The reason I am utilizing "unequivocal" here is that there are certain cases where, despite what the Sponsor suggests, we can safely interpret them as real vulnerabilities. For example, if it was possible to somehow extract funds from the contract via the function and the documentation did not say funds should be extracted, we can safely assume that regardless of what the Sponsor says this is a vulnerability.

In the scenario described by the submission, we are debating the absence of limitations as well as the increase of counters. As both are considered valid by the Sponsor and there is no way to "exploit" them in an unequivocal way, the QA (L) rating for this submission will remain. To note, the maximum theoretical impact here is either:

• A) Sale limitations are increased incorrectly
• B) Sale limitations are not enforced correctly

For scenario B, it is clear that the absence of limitations is not impactful and may indeed be undesirable as the Sponsor states. In scenario A, the lines become a little bit blurry and we can argue that the counters used for limitations are "incorrectly" increased. The problem is that the documentation clearly specifies the counters are simply the total allowlist / public sales and not necessarily limitations. Additionally, the total limitations between phases deliberately carry over which is a good argument as to why the counters should carry over between sale types that support them as well.

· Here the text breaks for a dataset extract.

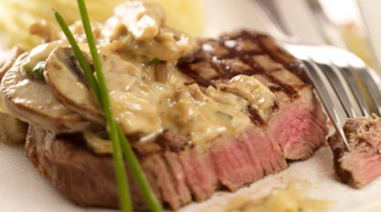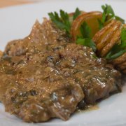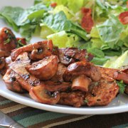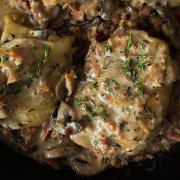 CHICKEN FILLET WITH CREAM SAUCE, MUSHROOMS, BACON
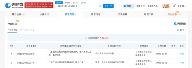 根据天眼查App的信息,这家公司成立于2024年1月,法定代表人是龙林海,注册资本为100万人民币,主要提供中医诊所服务。股东信息显示,该公司由龙林海全资持有。今年3月,由于无法通过登记的住所或经营场所联系到该公司,上海市徐汇区市场监督管理局将其列入经营异常名录。此外,2025年2月,该公司因违反《上海市公共场所控制吸烟条例》和《医疗纠纷预防和处理条例》而受到处罚。

I understand that this may not be the outcome Wardens were hoping for, but it is the "fairest" interpretation of the code that we can establish due to the absence of documentation. I think the main output of this submission is that the C4 process in relation to the scouting phase should perhaps be made more strict, ensuring that the documentation indeed matches the code and that ambiguities are minimized to enhance the ultimate security value of the C4 audits and to minimize Warden time that is wasted on perceived discrepancy evaluation that may ultimately represent desirable behavior.

I thank everyone who contributed to the PJQA phase, and I will retain the QA (L) ruling that this and duplicate submissions have. To note, the PJQA period is over and I advise everyone as a friendly reminder to refrain from contributing to the discussion further to avoid any backstage rule-breaks.